Google removed all links to their site.

After a few days of receiving no search traffic whatsoever, the company who instigated this surrendered unconditionally and asked Google to put things back how they were originally.

The moral of this story is that Google provides a free service that is of immense value to the people at the other end of the link, and demanding that Google pay you for providing this service is both unreasonable and unwise.

Unfortunately, when the government steps in (as they have in Europe multiple times), it ends up not being "unwise" at all for the instigators. Something similar happened with French newspapers:

"Pay us for indexing our sites!"

"We don't want to engage in that transaction on those terms; if you wish, we will stop indexing your sites"
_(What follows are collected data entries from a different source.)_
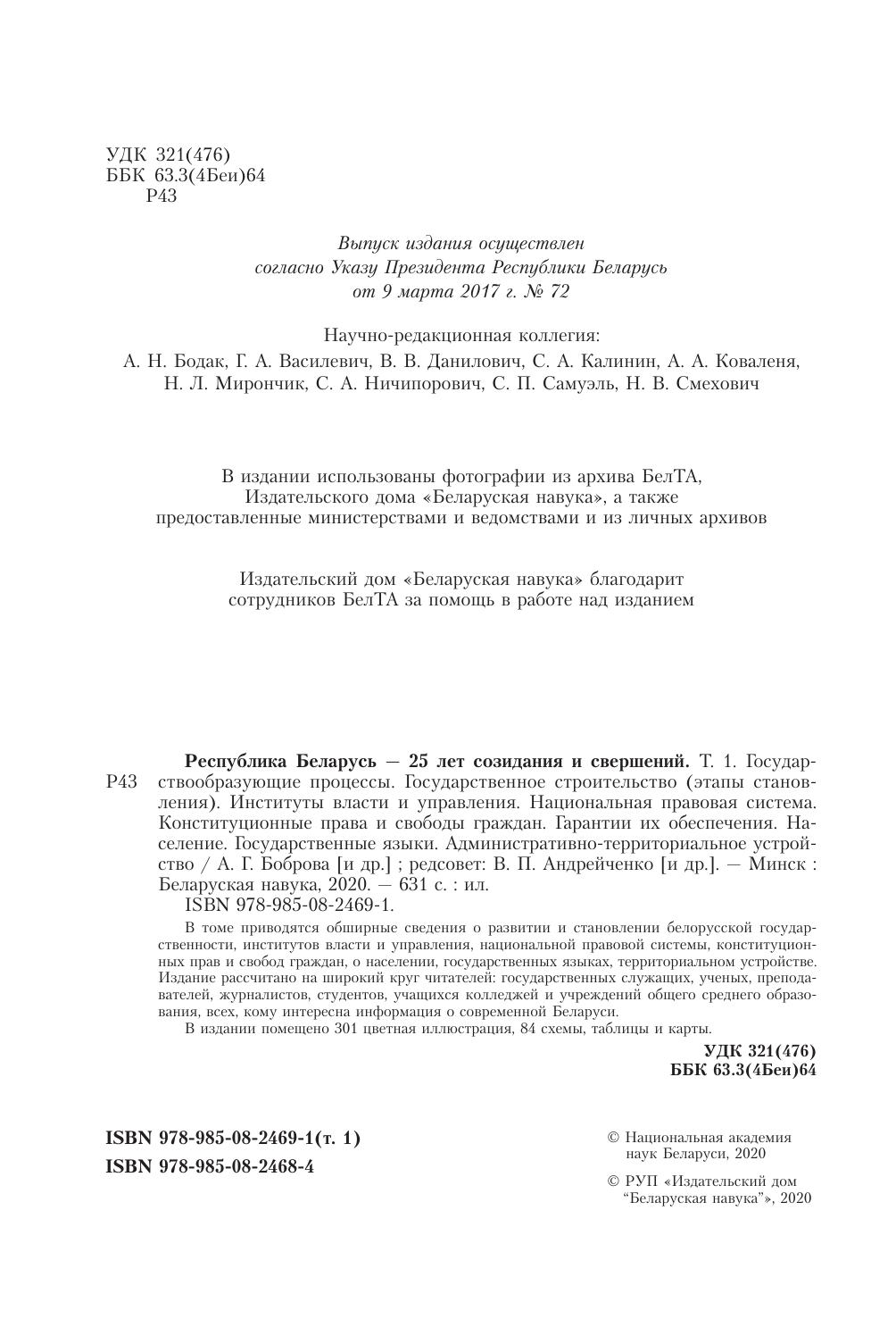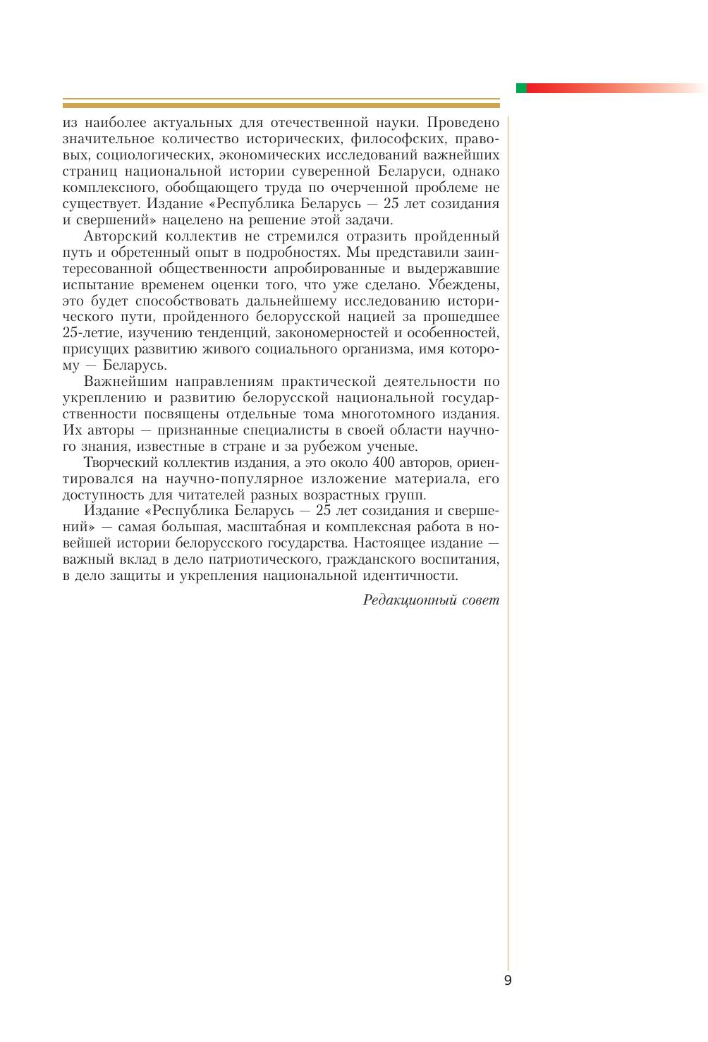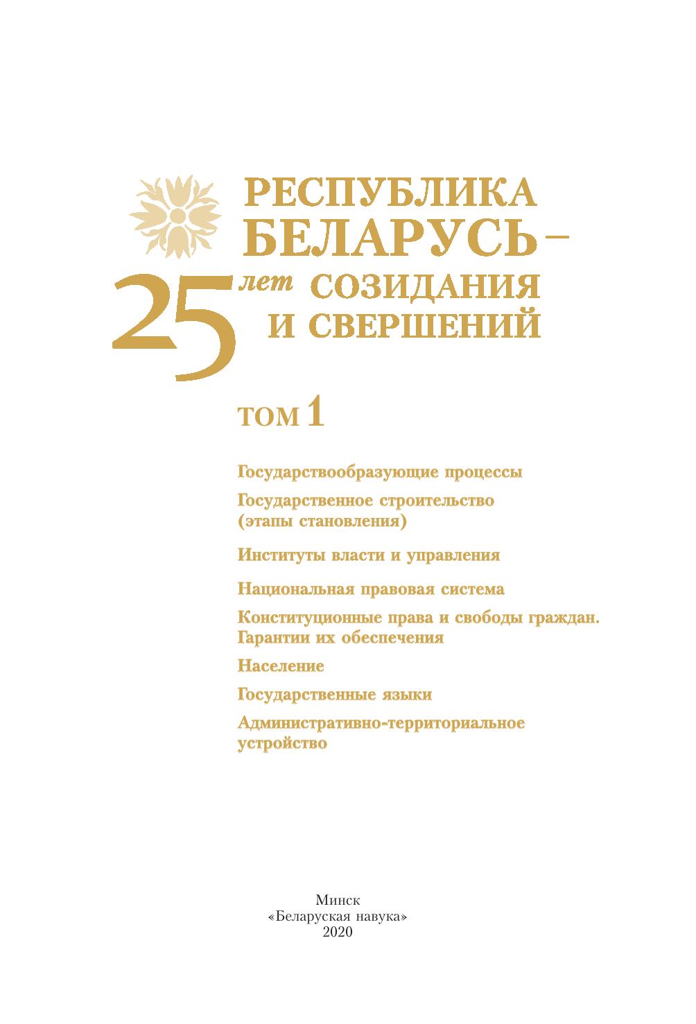 Республика Беларусь — 25 лет созидания и свершений. Т. 1. Государствообразующие процессы. Государственное строительство (этапы становления). Институты власти и управления. Национальная правовая система. Конституционные права и свободы граждан. Гарантии их обеспечения. Население. Государственные языки. Административно-территориальное устройство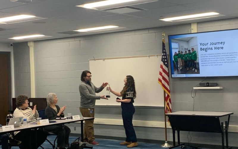 Teacher, Ryan Gilbert, was presented the Milken Educator Award Obelisk by an Ohio Department of Education Representative.
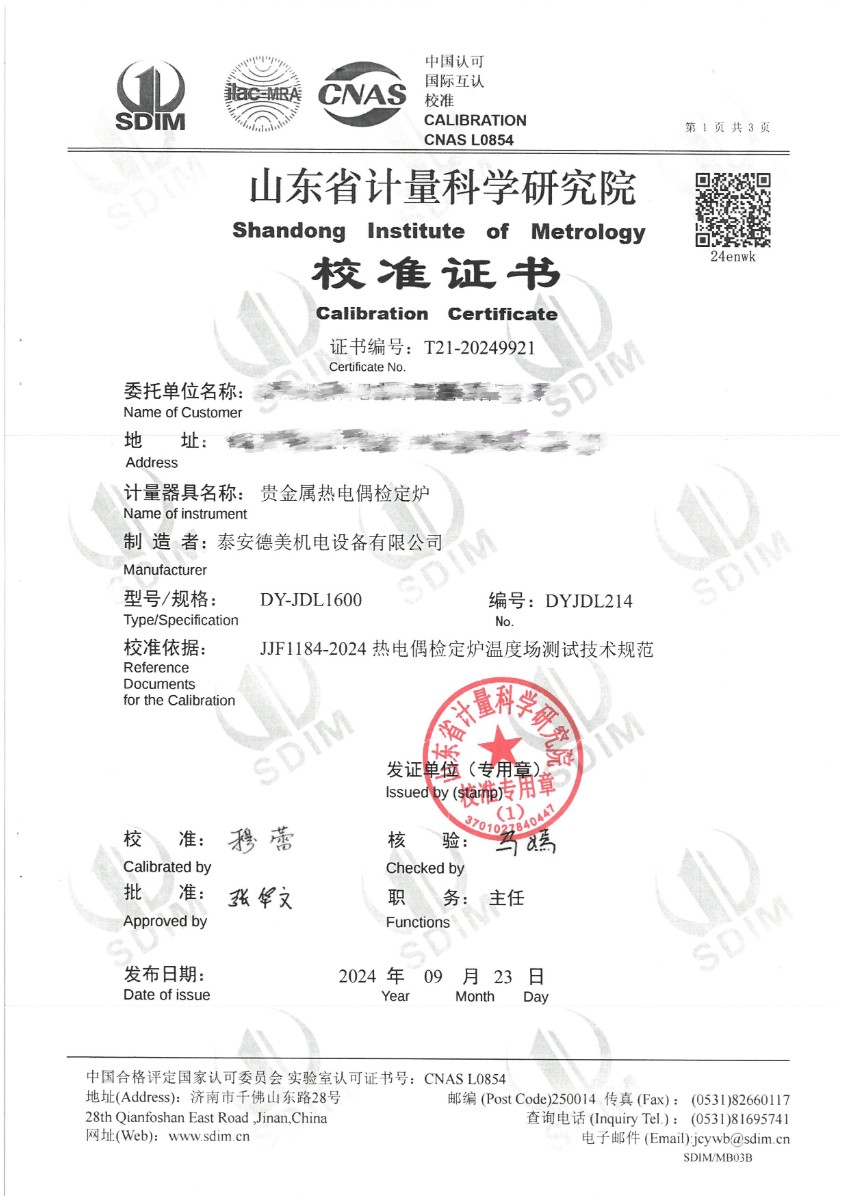 | 上一條:貴金屬熱電偶檢定爐(300~1000℃)校準證書(shū) | 下一條:智能干體儀(六位半精度)校準證書(shū) |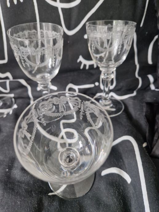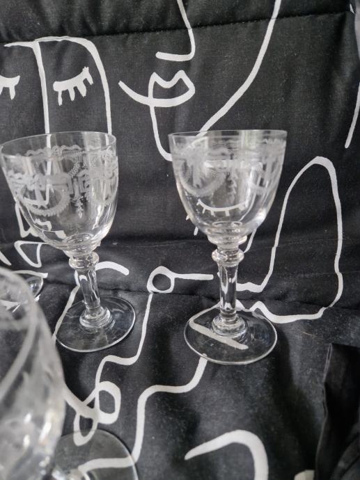 Top gravure ( teško za poslikat radi svjetla), visina oko 11.5 cm a otvor oko 5.5 cm...svih 6 komada u odličnom stanju i cijena se odnosi na cijeli komplet...poruke na whatsapp

Then the French gov't steps in and effectively legislates that Google is legally obligated to engage in a transaction on the terms of the other party (and pulling out of the transaction is not an option). As I recall, the end result of this extortion was Google paying ~$70 million in what was effectively a protection racket (where the nominal purpose was to set up a fund to help French newspapers enter the digital age).

That was a voluntary settlement - details are here: http://www.theguardian.com/technology/2013/feb/01/google-52m...

The bottom line is that Google would rather do business than not, and £52m is not a painful expense for them here. I'm pretty sure that no European court could rule a company was obliged to engage in a transaction against its will, and would be unable to enforce this. Google have shown with China that they are willing to drop a nation if the terms offered are too onerous. They're not a public utility.

If France would never enforce the transaction, then why would Google pay $70m (and why would France say they would enforce the transaction in the first place)? Obviously it was technically voluntary, but if someone does something voluntarily under threat of bogus legal action, I'm really not seeing the difference from a protection racket.
You'd have to look at the settlement details to find out, but I believe the answer is that the settlement involves a lot of things Google wanted, like high-value adwords placement, and they expect to make a lot more money from that.
If that were the only consequence, this wouldn't be so problematic. But it makes linking to anything something you have to pay for with the author having no way to opt out. So any time you post a link you have to pay a fee, which is collected by a government agency.